Your goal
With the pictures omitted, transcribe each line below exactly as it is.

### Listed records

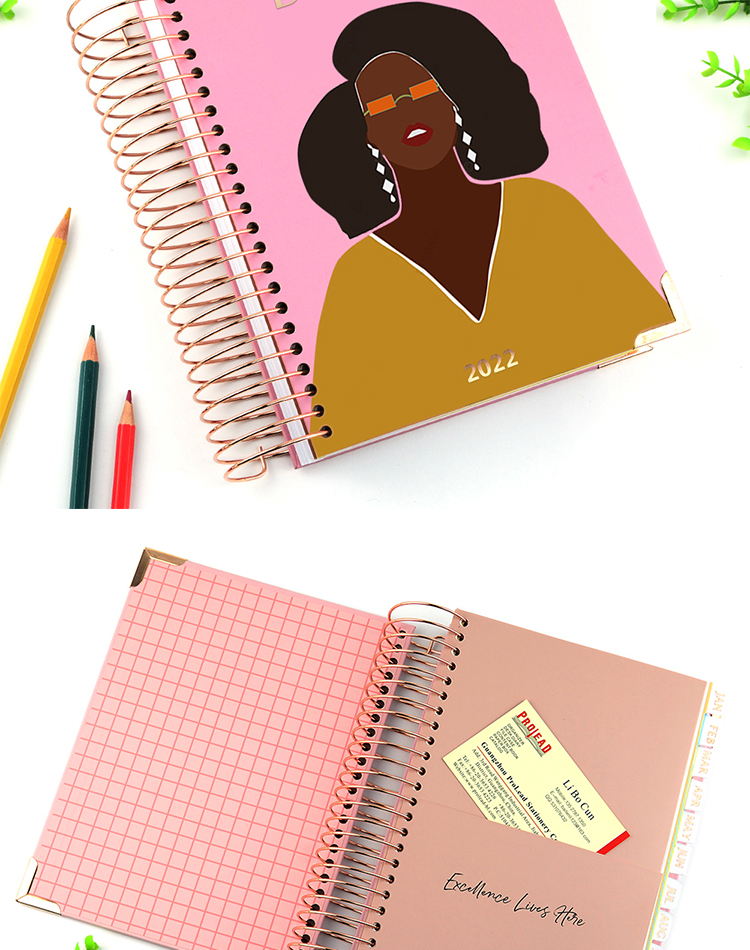 Custom 2021 2022 A5 Hardcover Floral Monthly Daily Planner Book Printing With Accessories
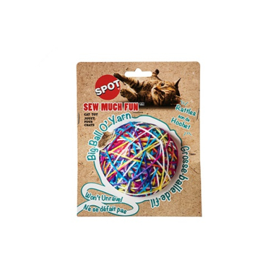 Foam core ball with polyester yarn wrap. Cats love the texture of the foam core as they dig their nails into this toy. Yarn is securely attached to the toy to prevent unraveling. 3.5″
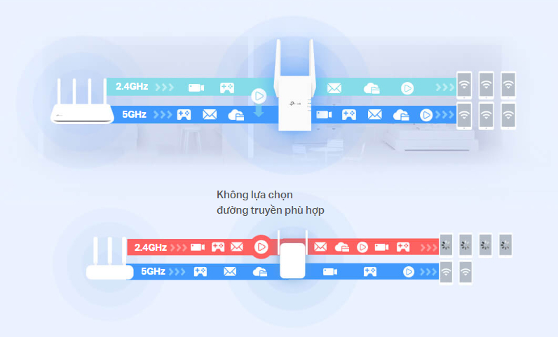 - Lựa chọn đường dẫn phù hợp: Tự động chọn đường dẫn kết nối nhanh nhất tới Router.
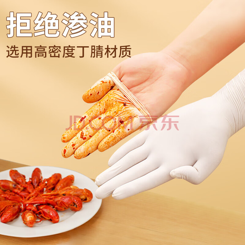 商品相册:爱不释手 5一次性丁腈手套加厚防寒食品级12英寸100只/盒厨房家务美容手套第
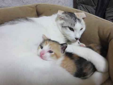 親猫は耳折れの雑種で、よく飼いならされているようです。

######

Solution to the problem
 Custom 2021 2022 A5 Hardcover Floral Monthly Daily Planner Book Printing With Accessories
 Foam core ball with polyester yarn wrap. Cats love the texture of the foam core as they dig their nails into this toy. Yarn is securely attached to the toy to prevent unraveling. 3.5″
 - Lựa chọn đường dẫn phù hợp: Tự động chọn đường dẫn kết nối nhanh nhất tới Router.
 商品相册:爱不释手 5一次性丁腈手套加厚防寒食品级12英寸100只/盒厨房家务美容手套第
 親猫は耳折れの雑種で、よく飼いならされているようです。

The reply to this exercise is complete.